Since smallholder farmers have small gardens and use simple hand tools they are in a better position to take good care of their crops and their gardens especially if they have the needed skills and inputs including fertilisers and irrigation tools.

They are in a better position to come up with high yields since they closely monitor the crops growing in the gardens.
This was observed in the Africa Agriculture Status Report (AASR) that was commissioned in 2017 by the Alliance for a Green Revolution in Africa (AGRA) when it stated, “Majorly, the key contributors to the African agricultural growth will be small and medium enterprises and smallholder farmers.”

The report warned that Sub-Saharan aggregate annual food import bill would rise to $110b in 2025 from about $35b in 2017 which would put a strain on the continent’s fledging economies unless governments put their concerted efforts in building an agro-based economy by providing an enabling environment to smallholder farmers.

It went on to state that Africa had about 51 million farms of which 80 per cent (or 41 million) were smaller than five acres and that those farms brought forth 70 per cent of Africa’s total food requirements and their numbers were increasing.

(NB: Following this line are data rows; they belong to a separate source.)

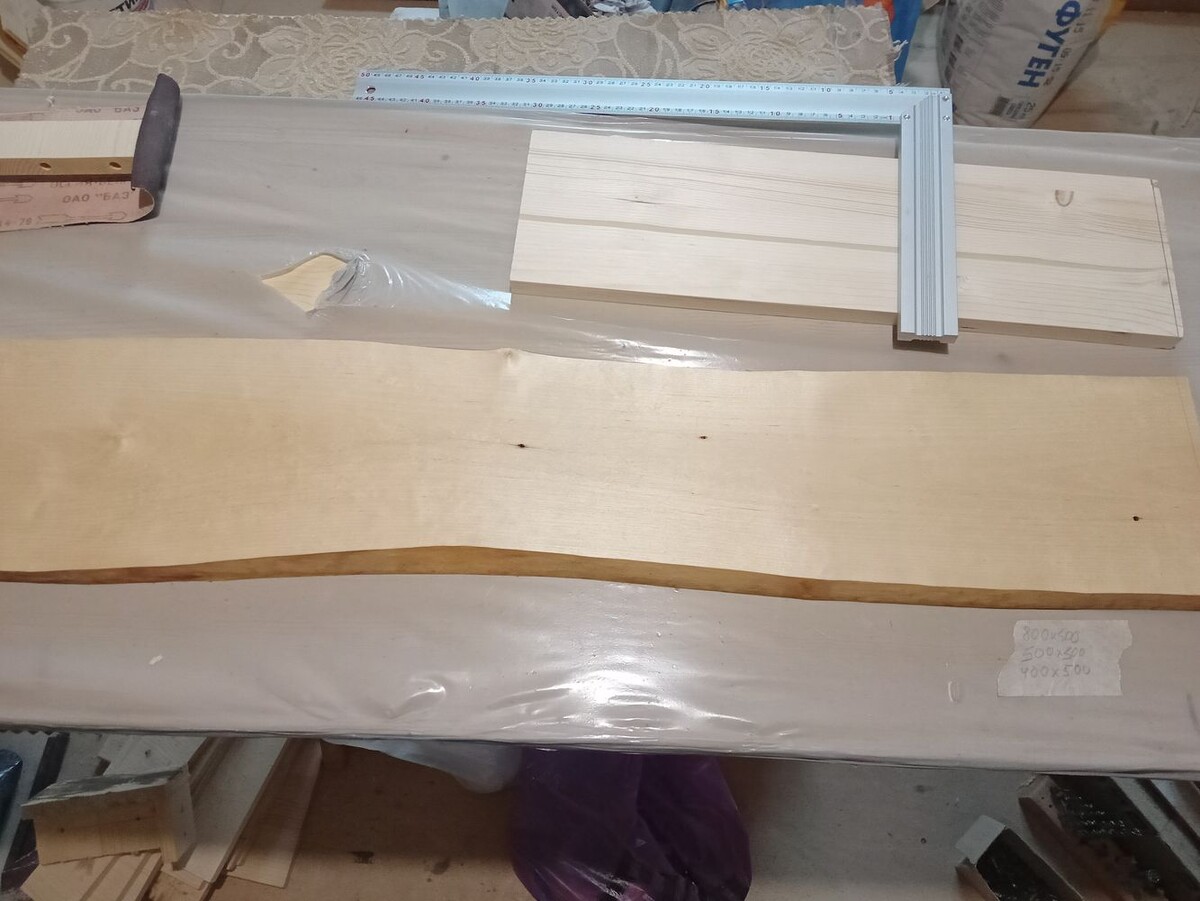 Старую доску прострогал на рейсмусе. Наверное надо было ещё пройтись по ней щёткой а то слишком гладкой и новой получилась. Или просто не строгать а пройтись шлифмашинкой.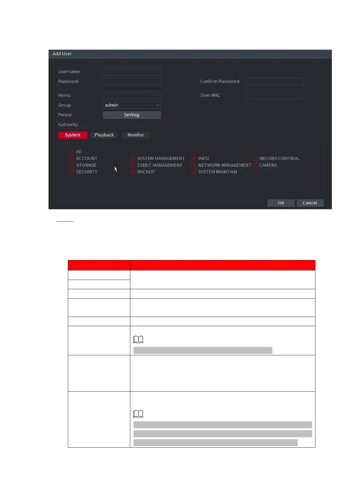 ⚫ Step 3 Input the user name, password, select the group it belongs to from the dropdown list.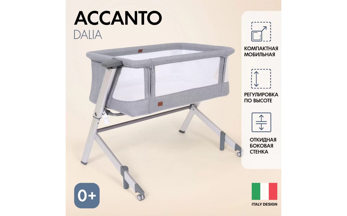 Детская приставная кроватка Nuovita Accanto Dalia (Светло-серый, серебристый)Сер. номер: УТ-0004189Grебристый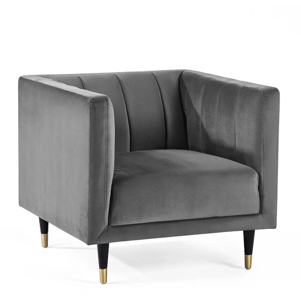 The Salma Sofa collection is a stylish and compact suite with a beautifully tailored velvet, scalloped back design, complemented by brass-tipped legs. The clean and slick design and plush upholstery make for a comfortable sofa that is the focal point of any living space.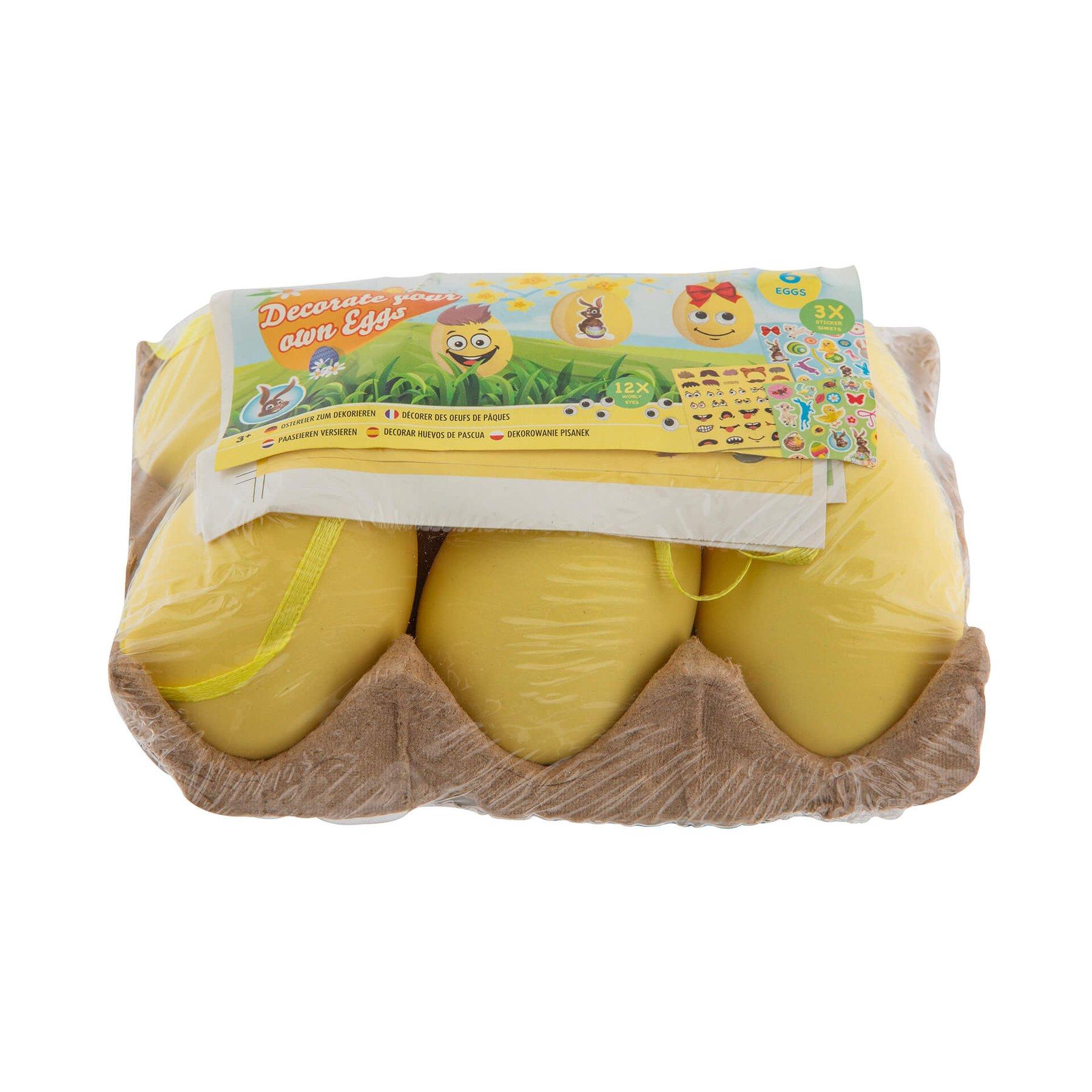 Moxy Яйца за декорация, жълти, 6 броя, с включени стикери и очички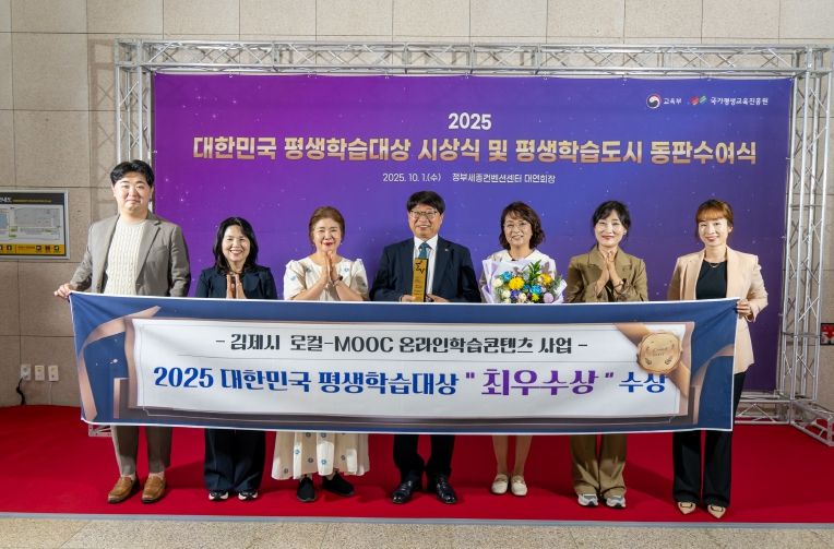 [한국기자연대] 김제시가 생활 속 평생학습을 실천하고 있는 우수사례를 발굴해 시상하는 '제22회 대한민국 평생학습대상'에서 '디지털 학습시대 무형의 학습자산을 만드는 김제형 로컬-MOOC 구축사업'으로 올해의 평생학습사업 최우수상을 받았다.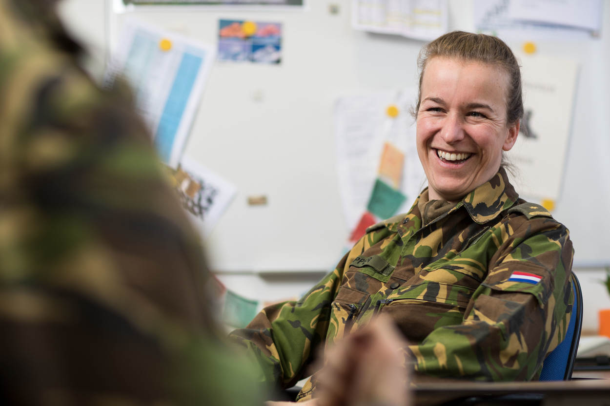 “Integendeel, mijn werk brengt me juist in situaties waarin ik er zelf steeds weer over na moet denken. Humanisme is voor mij: iedere keer opnieuw bij mezelf te rade gaan. Wat is belangrijk? Wat is van waarde? In vergelijking met andere levensbeschouwingen is het relatief nieuw. Militairen vragen me vaak wat ik nu eigenlijk doe en wat humanisme is. Dat is bijna altijd een aanleiding voor een mooie dialoog. Dat ik er zoveel over spreek, maakt het makkelijker om eraan vast te houden. En het staat natuurlijk letterlijk op mijn voorhoofd door de baret die ik draag.”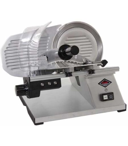 Certifications CE professionnelle, Matériau de la lame de coupe acier trempé, Diamètre lame de coupe 220mm, Matériau de la base aluminium anodisé, Matériau de la voile aluminium, Pays de fabrication Italie, Trancheuse sur niveau, Conseillée pour: Charcuteries tendres, Conseillée pour: Charcuteries affinées, Conseillée pour: Viandes, Conseillée pour: Pain de mie, Conseillée pour: Fromages semi-affinés, Conseillée pour: Légumes, Type de moteur électrique monophasé, Puissance nominale (W) 140W, Couplage moteur/lame , Type de transmission directe à engrenages, Plateau couvre-lame amovible par poignée de déplacement, Matériau du chariot aluminium, Affûteur - amovible ...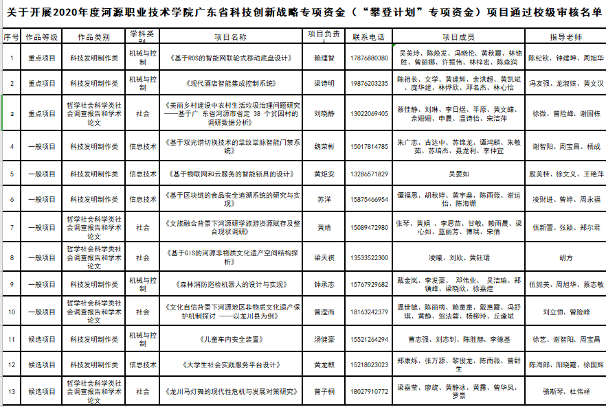 据悉,本次评审会评委共选出十三个项目,其中选定十份,三份候选项目。选定项目中《基于ROS的智能网联轮式移动底盘设计》、《现代酒店智能集成控制系统》、《美丽乡村建设中农村生活垃圾治理问题研究——基于广 东省河源市省定38个贫困村的调研数据分析》为重点项目,《基于双光谱切换技术的掌纹掌脉智能门禁系统》、《基于物联网和云服务的智能锁具的设计》、《基于区块链的食品安全追溯系统的研究与实现》、《文旅融合背景下河源研学旅游资源赋存及整合现状调研》、《基于GIS的河源非物质文化遗产空间结构探析》、《森林消防巡检机器人的设计与实现》、《文化自信背景下河源地区非物质文化遗产保护机制探讨 ——以龙川县为例》为一般项目,候选项目有《儿童车内安全装置》、《大学生社会实践服务平台设计》、《龙川马灯舞的现代性危机与发展对策研究》。
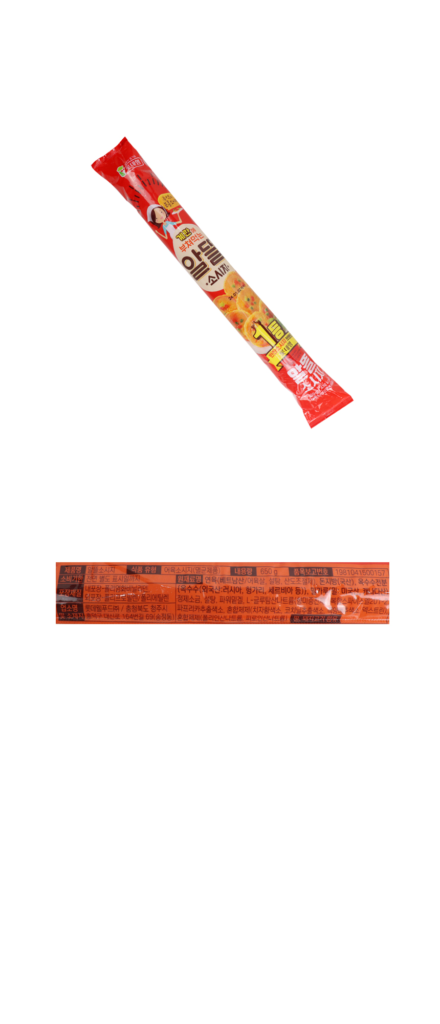 연육(베트남산/어육살, 설탕, 산도조절제), 돈지방(국산), 옥수수전분(옥수수(외국산 : 러시아, 헝가리, 세르비아 등)), 밀가루(밀: 미국산, 캐나다산), 정제소금, 설탕, 파워밑겔, L-글루탐산나트륨(향미증진제(복합스파이스엘), 파프리카추출색소, 혼합제제(치자황색소, 코치닐추출색소, 적양배추색소, 덱스트린), 혼합제제(폴리인산나트륨, 피로인산나트륨) * 밀, 돼지고기 함유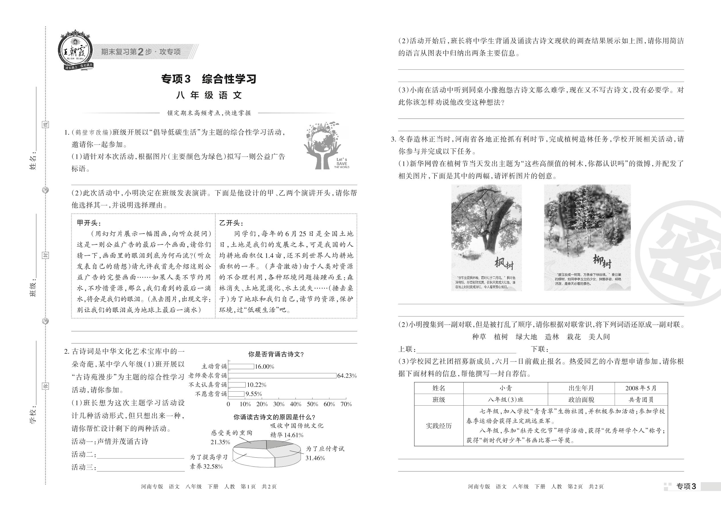 王朝霞期末专项卷——综合性学习八年级下册语文(人教版)_R220323141027064【3】
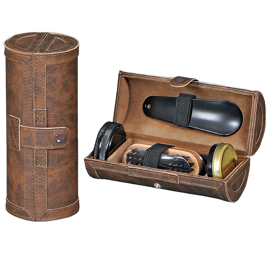 Набор для обуви "Блеск" в тубусе: ложка, щетка, крем, ткань для полировки, иск. кожа, лазерн.гр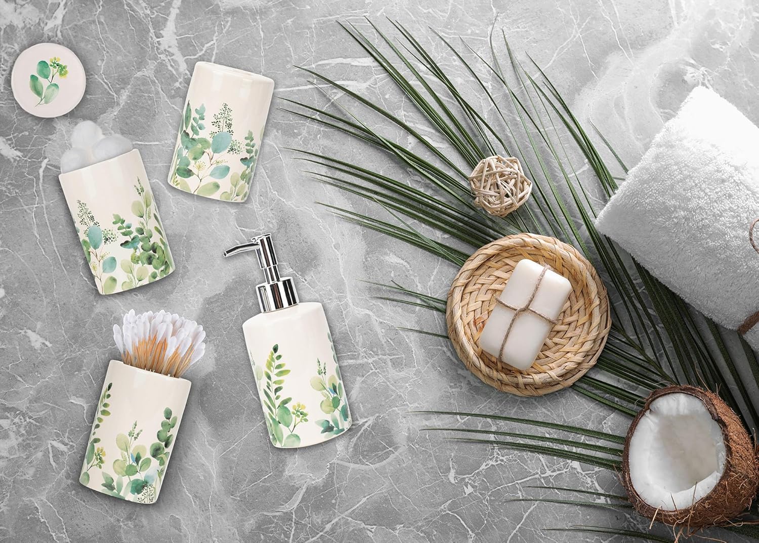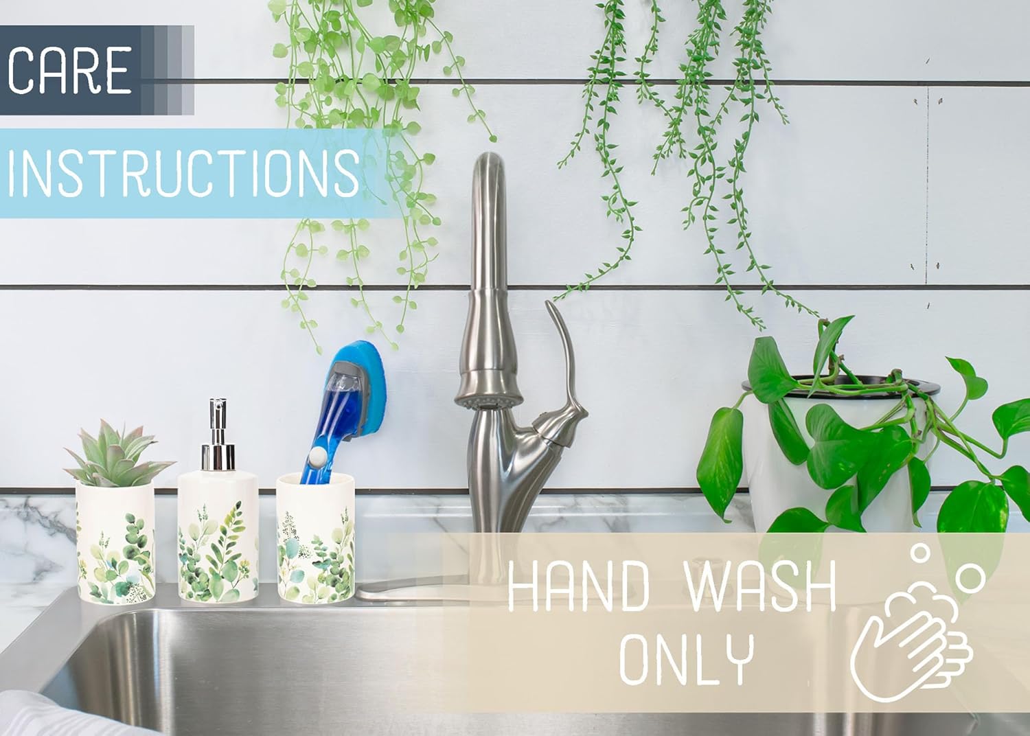 - DURABLE CERAMIC STONEWARE: With an eucalyptus greenery on cream white finish; Hand soap dispenser features a silver tone accent pump; Essential to keep your sink countertop organized; Handwash only.

“Agriculture must not always be looked at as a large-scale enterprise thanks to the American and European agrarian revolutions, where land consolidation was the norm,” it says. “While larger farms present a pleasant mechanisation platform, they kill employment. With smallholder farmers however, the employment numbers are significant. For instance, for every 1000 litres of milk in Kenya there are 23 full-time jobs for the self-employed, 50 permanent full-time jobs for employees, and three full-time casual labour jobs.”
It compared this situation with large scale mechanised monocultures which take 150 acres to create one job.

It urged Sub-Saharan governments to commit at least 10 per cent of their annual budgets to agriculture as per the Comprehensive Africa Agriculture Development Programme (CAADP). The report also praised Rwanda for allocating 10.2 per cent of its budget to agriculture while the majority of other countries on the continent were only about half-way to achieving the CAADP goal.